Needs of patients, clinicians may be better served with fewer visits and a more focused approach
TUESDAY, Nov. 8 (HealthDay News) -- Implementation of a less frequent monitoring schedule for follow-up after treatment of localized melanoma, requiring fewer clinic visits, results in a small difference in the modeled delay of diagnosis of recurrence or new primaries, according to a study published online Nov. 7 in the Journal of Clinical Oncology.

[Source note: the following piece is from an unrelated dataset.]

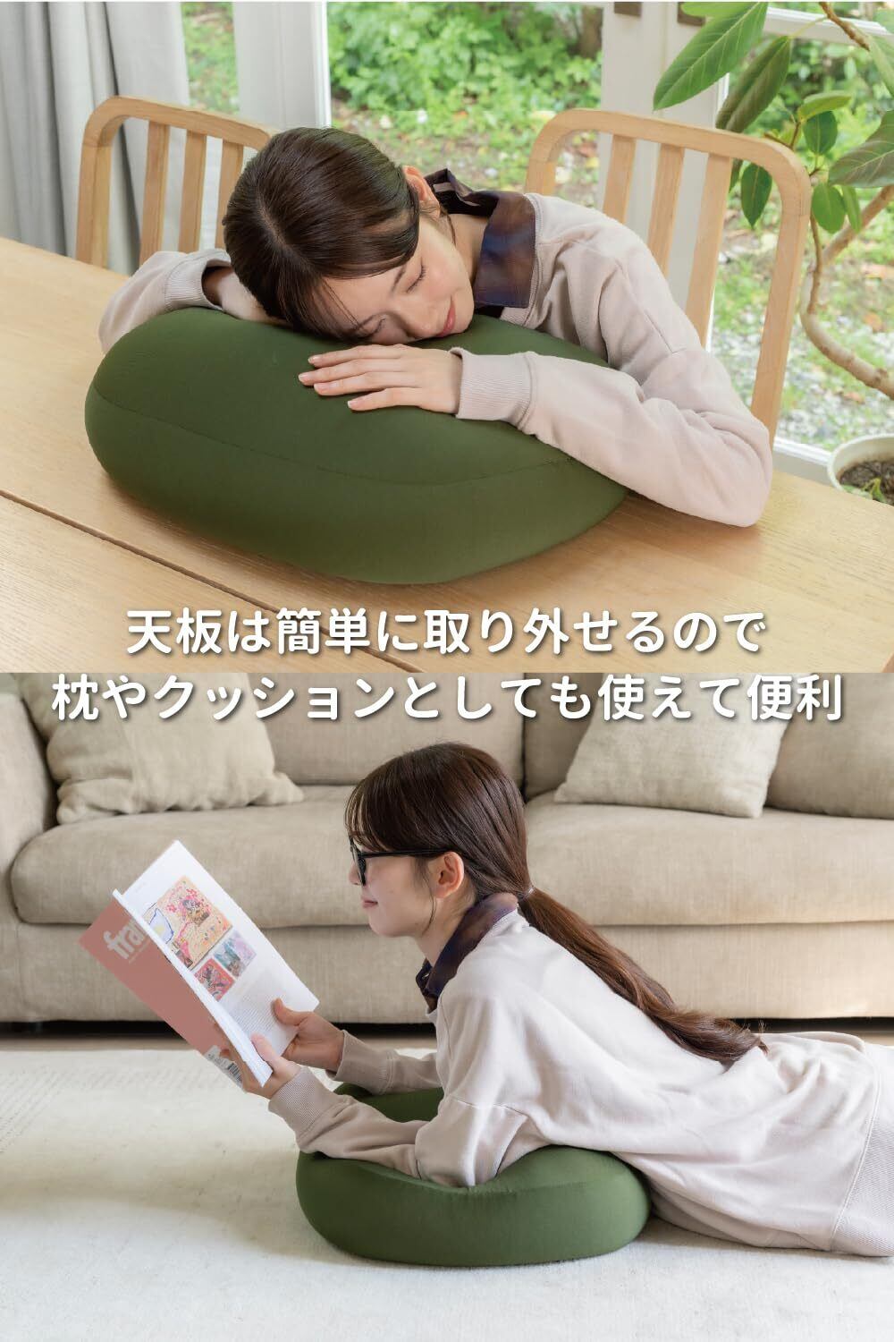 クッションに取り外しのできる天板が付いたテーブルクッション。

Robin M. Turner, Ph.D., from The University of Sydney in Australia, and colleagues aimed to develop evidence-based guidelines for the frequency of patient follow-up after treatment of localized (American Joint Committee on Cancer [AJCC] stage I or II) cutaneous melanoma. Between January 1985 and December 2009, data were collected from 3,081 patients diagnosed by excision biopsy at the Melanoma Institute in Australia.
The investigators found that, within 10 years of initiating follow-up, 229 out of 1,000 patients developed recurrence, and 61 developed a new primary tumor. Following a schedule that involves fewer visits than recommended by current guidelines (3,000 fewer visits per 1,000 patients), only a small variance in modeled delay in diagnosis was observed (extra 44.9 and 9.6 patients per 1,000 for recurrence and new primary, respectively, with delay greater than two months). The most significant predictor of recurrence was AJCC substage, while those of developing a new primary were age and date of primary diagnosis.
"By providing less intensive monitoring, more efficient follow-up strategies are possible. Fewer visits with a more focused approach may address the needs of patients and clinicians to detect recurrent or new melanoma," the authors write.